# [WHAT THE TASK ASKS]
Nothing in the records may be altered, and no picture may be included. Restate them in full.

(EXERCISE MATERIAL)

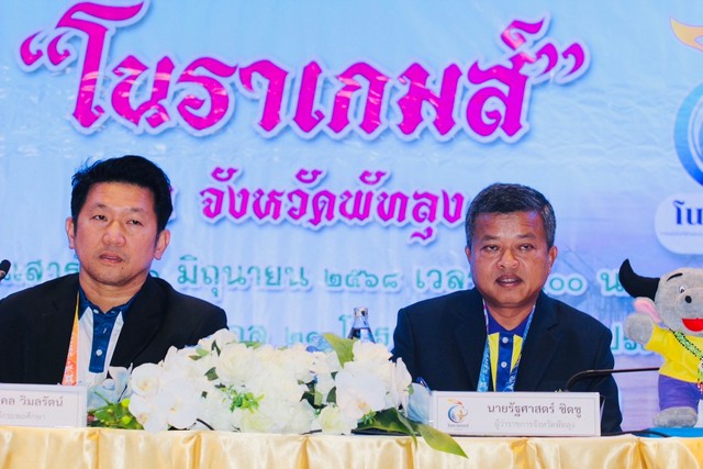 วันที่ 21 มิถุนายน 2568 ณ ห้องประชุมนกยูง 1–2 ชั้น 4 โรงแรมเซนเตอร์ พอยต์ เทอร์มินอล 21 อำเภอเมือง จังหวัดนครราชสีมา นายรัฐศาสตร์ ชิดชู ผู้ว่าราชการจังหวัดพัทลุง พร้อมด้วยนายมงคล วิมลรัตน์ อธิบดีกรมพลศึกษา ดร.พัฒพงศ์ พงษ์สกุล รองอธิบดีกรมพลศึกษา นายสุรัตน์ จรณโยธิน ท่องเที่ยวและกีฬาจังหวัดพัทลุง และคณะผู้แทนจากจังหวัดพัทลุง ร่วมแถลงข่าวรับมอบเจ้าภาพจัดการแข่งขันกีฬาและนันทนาการผู้สูงอายุแห่งประเทศไทย ครั้งที่ 18 ประจำปี 2569 ภายใต้ชื่อ “โนราห์เกมส์” ซึ่งจะจัดขึ้นในช่วงเดือนพฤษภาคมถึงมิถุนายน ปีหน้า ณ จังหวัดพัทลุง
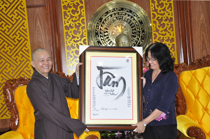 Chiều ngày 07 tháng 11 năm 2017(19/ 09/ Đinh Dậu) Phái đoàn Chư tôn đức Ban trị sự GHPGVN tỉnh Long An do HT. Thích Minh Thiện – Uỷ viên HĐTSTƯ, Phó Ban Hoằng Pháp trung ương, Trưởng Ban trị sự GHPGVN tỉnh Long An làm trưởng đoàn đến thăm và giới thiệu nhân sự lãnh đạo Phật giáo tỉnh nhiệm kỳ IX ( 2017- 2022) tại hội trường Tỉnh Uỷ tỉnh Long An.
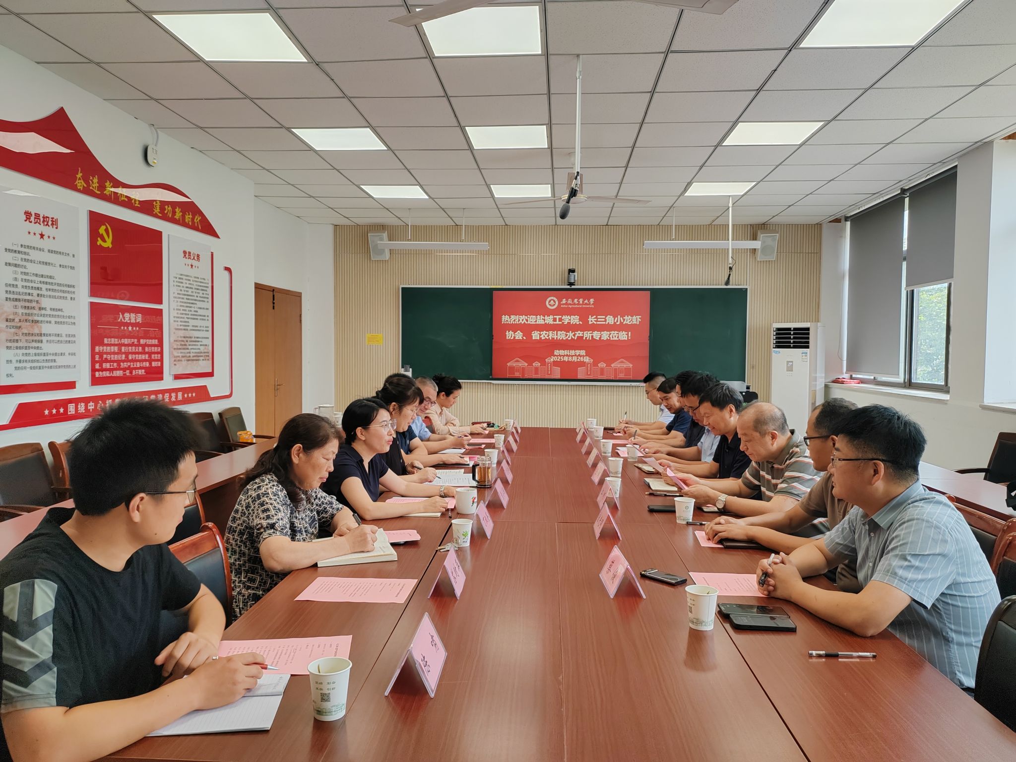本网讯 8月26日,盐城工学院海洋与生物工程学院、长三角小龙虾科技联盟、安徽省农业科学院水产研究所、水产养殖网等单位代表到访安徽农业大学动物科技学院,就第四届长三角小龙虾产业科技学术会议的筹备工作进行深入交流,学院党委书记沈兆梅、副院长袁小琛及水产系教师代表参加会议。
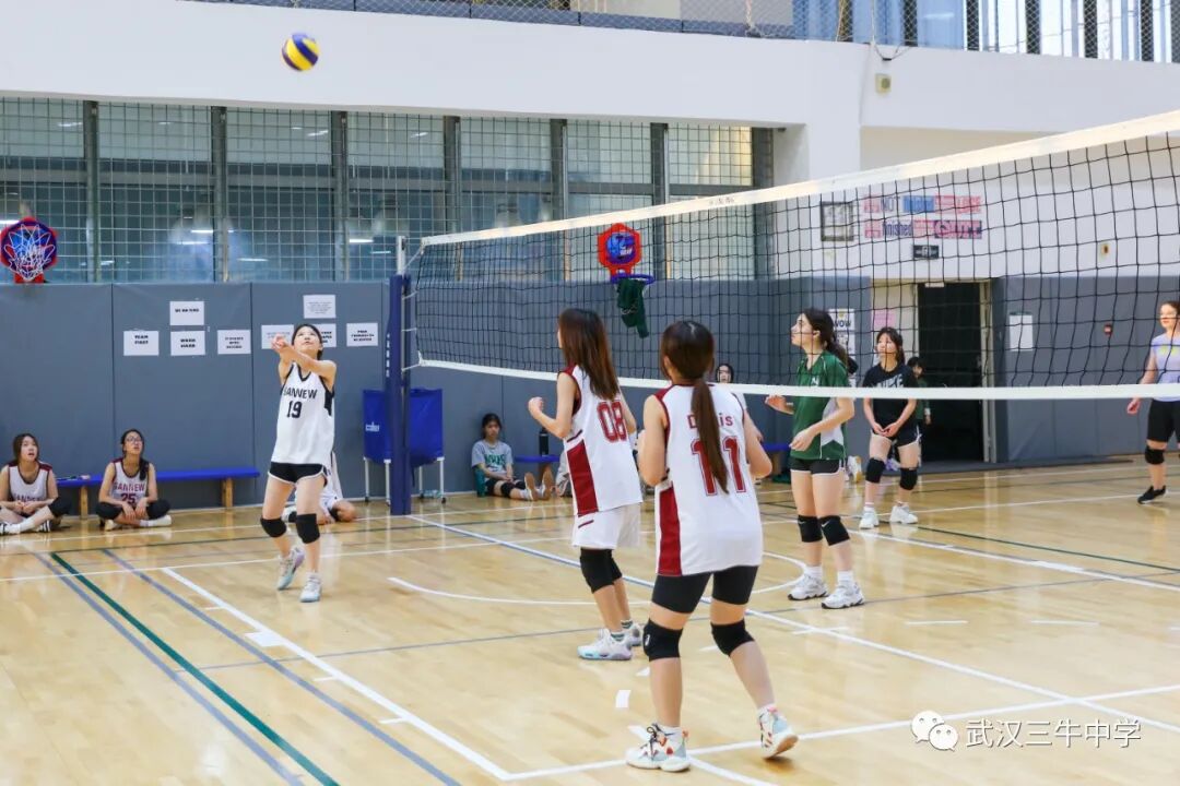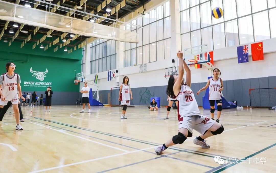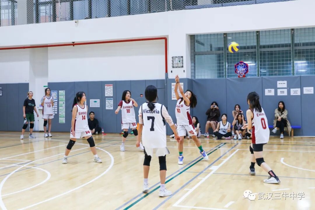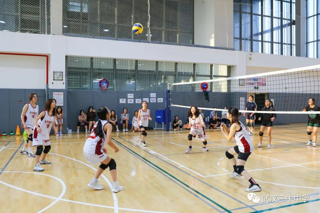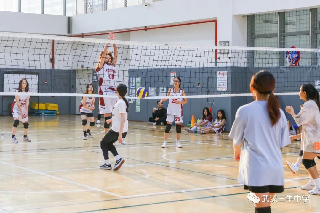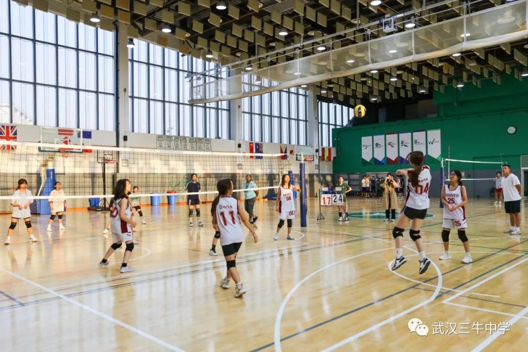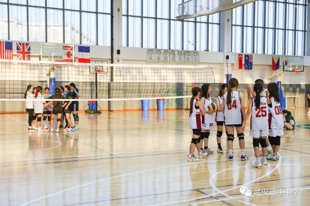 12名女生组成的排球队与武汉长江国际学校展开比赛
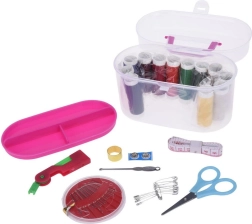 Комплектът за шиене в компактен, затварящ се органайзер е отличен помощник за ежедневни ремонти и дребни корекции на облеклото. Благодарение на издръжливите и еластични конци лесно ще скъсите крачоли, ще зашиете скъсан шев или ще замените липсващо копче. Прозрачният бокс държи всички принадлежности подредени на едно място и благодарение на ниското тегло можете да го вземете навсякъде.
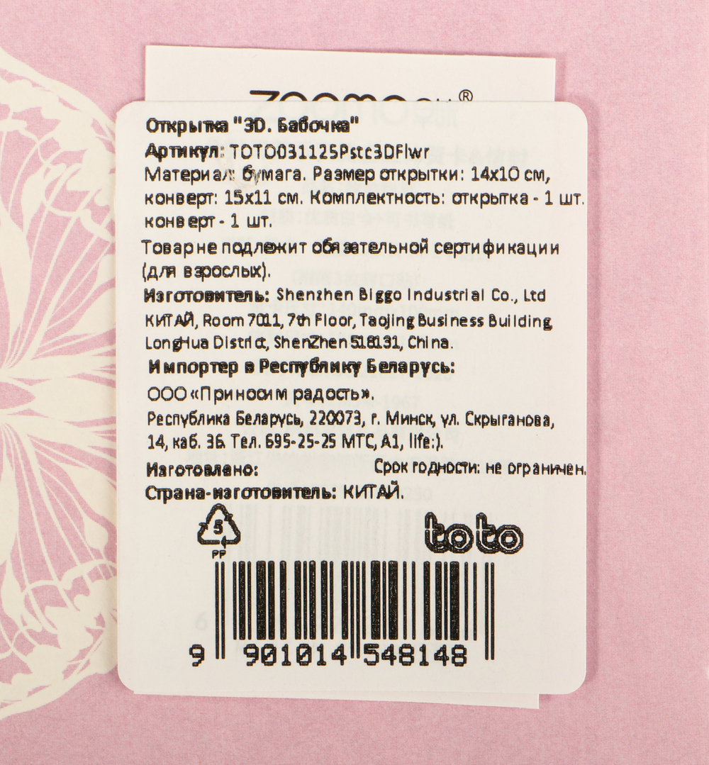 | Импортер | ООО «Приносим радость», 220073, г. Минск, ул. Скрыганова, д. 14, каб. 36. |

(End EXERCISE MATERIAL)

# [YOUR RESPONSE]
 วันที่ 21 มิถุนายน 2568 ณ ห้องประชุมนกยูง 1–2 ชั้น 4 โรงแรมเซนเตอร์ พอยต์ เทอร์มินอล 21 อำเภอเมือง จังหวัดนครราชสีมา นายรัฐศาสตร์ ชิดชู ผู้ว่าราชการจังหวัดพัทลุง พร้อมด้วยนายมงคล วิมลรัตน์ อธิบดีกรมพลศึกษา ดร.พัฒพงศ์ พงษ์สกุล รองอธิบดีกรมพลศึกษา นายสุรัตน์ จรณโยธิน ท่องเที่ยวและกีฬาจังหวัดพัทลุง และคณะผู้แทนจากจังหวัดพัทลุง ร่วมแถลงข่าวรับมอบเจ้าภาพจัดการแข่งขันกีฬาและนันทนาการผู้สูงอายุแห่งประเทศไทย ครั้งที่ 18 ประจำปี 2569 ภายใต้ชื่อ “โนราห์เกมส์” ซึ่งจะจัดขึ้นในช่วงเดือนพฤษภาคมถึงมิถุนายน ปีหน้า ณ จังหวัดพัทลุง
 Chiều ngày 07 tháng 11 năm 2017(19/ 09/ Đinh Dậu) Phái đoàn Chư tôn đức Ban trị sự GHPGVN tỉnh Long An do HT. Thích Minh Thiện – Uỷ viên HĐTSTƯ, Phó Ban Hoằng Pháp trung ương, Trưởng Ban trị sự GHPGVN tỉnh Long An làm trưởng đoàn đến thăm và giới thiệu nhân sự lãnh đạo Phật giáo tỉnh nhiệm kỳ IX ( 2017- 2022) tại hội trường Tỉnh Uỷ tỉnh Long An.
本网讯 8月26日,盐城工学院海洋与生物工程学院、长三角小龙虾科技联盟、安徽省农业科学院水产研究所、水产养殖网等单位代表到访安徽农业大学动物科技学院,就第四届长三角小龙虾产业科技学术会议的筹备工作进行深入交流,学院党委书记沈兆梅、副院长袁小琛及水产系教师代表参加会议。
 12名女生组成的排球队与武汉长江国际学校展开比赛
 Комплектът за шиене в компактен, затварящ се органайзер е отличен помощник за ежедневни ремонти и дребни корекции на облеклото. Благодарение на издръжливите и еластични конци лесно ще скъсите крачоли, ще зашиете скъсан шев или ще замените липсващо копче. Прозрачният бокс държи всички принадлежности подредени на едно място и благодарение на ниското тегло можете да го вземете навсякъде.
 | Импортер | ООО «Приносим радость», 220073, г. Минск, ул. Скрыганова, д. 14, каб. 36. |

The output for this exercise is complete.